HOW TO COMPLETE THIS TASK:
All lines from the one bearing "Not quite. Desavalo" through the end of the data below must be printed exactly as they stand, with pictures removed.

STORED DATA:
* * *
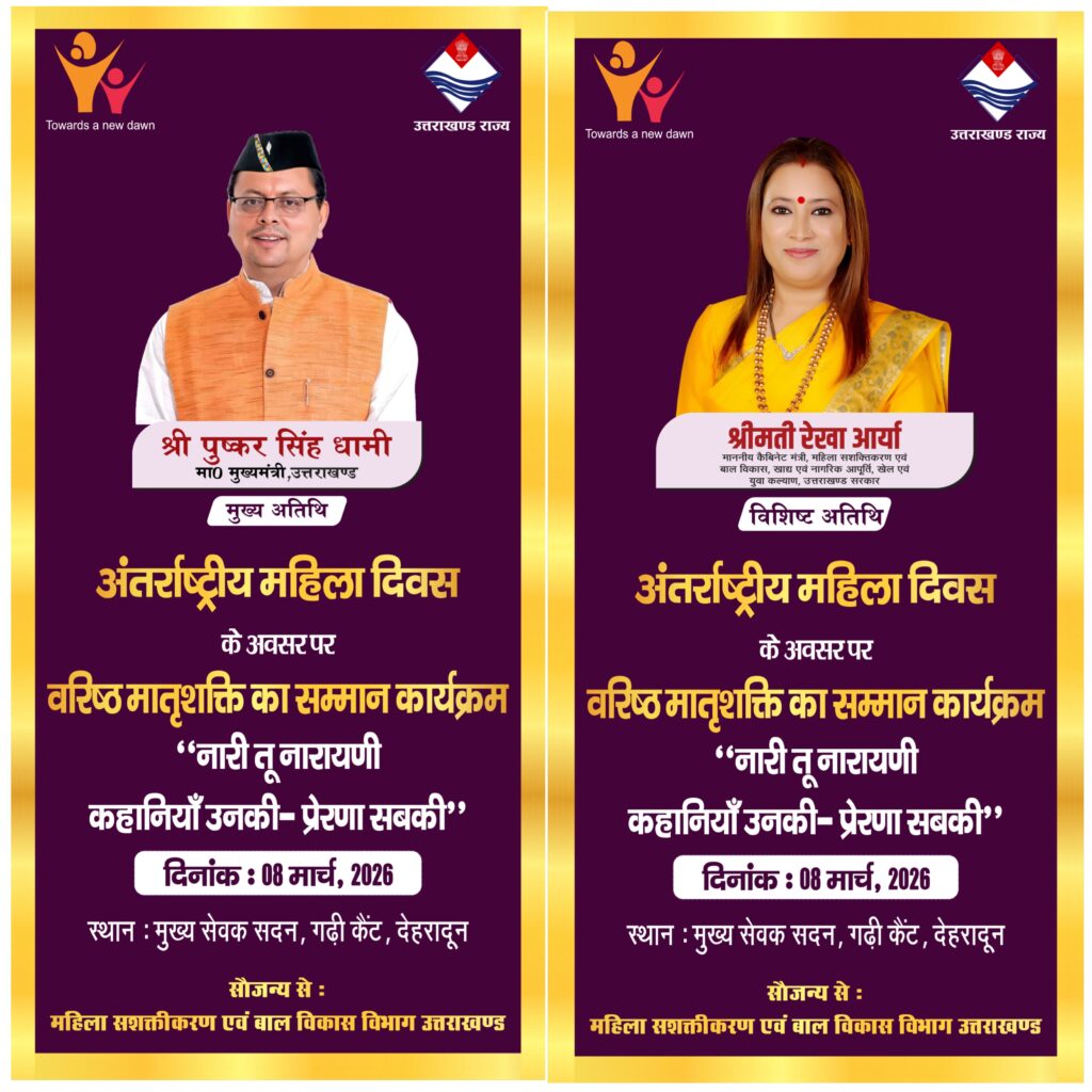 घर से ही शुरू होगा महिला सशक्तिकरण : रेखा आर्या राज भवन में विभिन्न क्षेत्रों में उत्कृष्ट प्रदर्शन करने वाले हुए सम्मानित देहरादून:- अंतर्राष्ट्रीय महिला दिवस के अवसर पर राजभवन स्थित लोक भवन में आयोजित महिला कल्याण उत्कृष्ट सेवा सम्मान एवं ‘मेरी पहचान–2026’ कार्यक्रम में विभिन्न क्षेत्रों में उत्कृष्ट कार्य करने वाले कर्मचारियों, अधिकारियों और सरकारी योजनाओं के लाभार्थियों को…
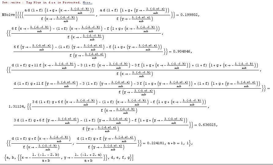 Not quite. Desavalo mi se da pogrijesi i kod simbolickog rjesavanja jednadzbi (kaze da nema rjesenja a ima ih). NSolve radi numericki i sasvim sigurno ga se moze natjerati da pogrijesi. Ne tvrdim da u ovom konkretnom slucaju ima rjesenja  |
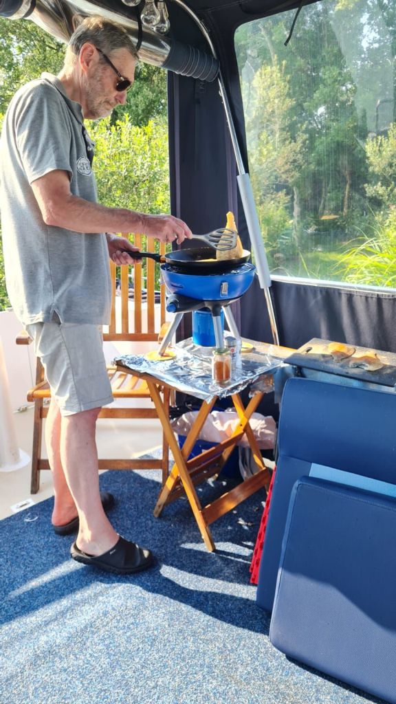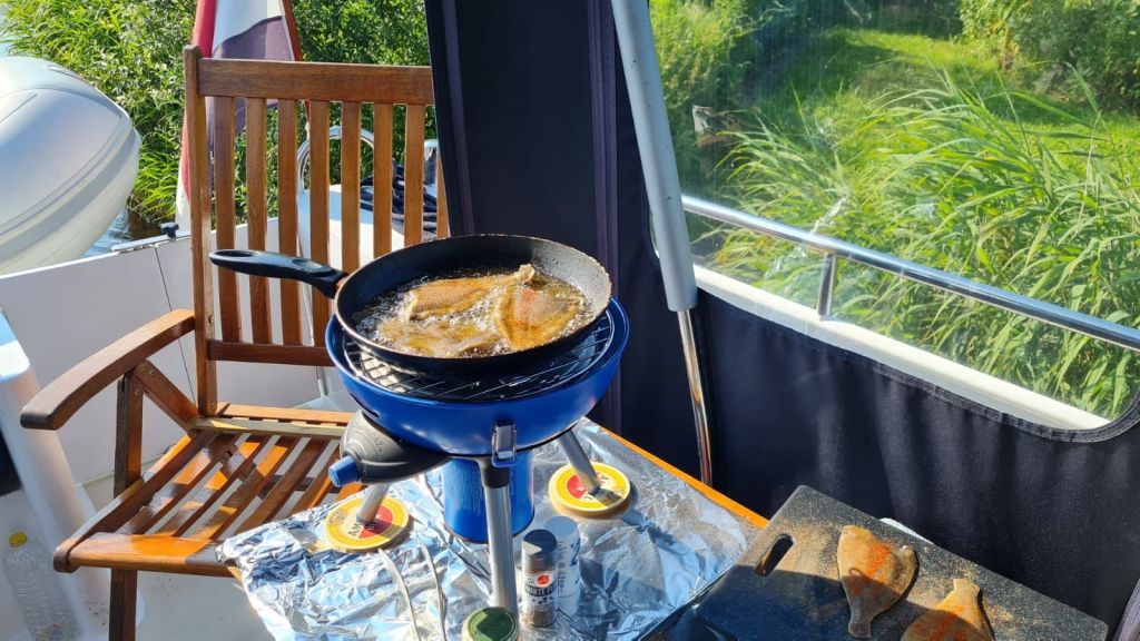 Zo komt de dag wel om. We hadden van thuis nog vis uit de vriezer meegenomen en kunnen we nu ook de nieuwe partygrill uitproberen. De vorige was zeker niet kapot gegaan van het stilliggen.
* * *
ANSWER TO THIS EXERCISE:
 Not quite. Desavalo mi se da pogrijesi i kod simbolickog rjesavanja jednadzbi (kaze da nema rjesenja a ima ih). NSolve radi numericki i sasvim sigurno ga se moze natjerati da pogrijesi. Ne tvrdim da u ovom konkretnom slucaju ima rjesenja  |
 Zo komt de dag wel om. We hadden van thuis nog vis uit de vriezer meegenomen en kunnen we nu ook de nieuwe partygrill uitproberen. De vorige was zeker niet kapot gegaan van het stilliggen.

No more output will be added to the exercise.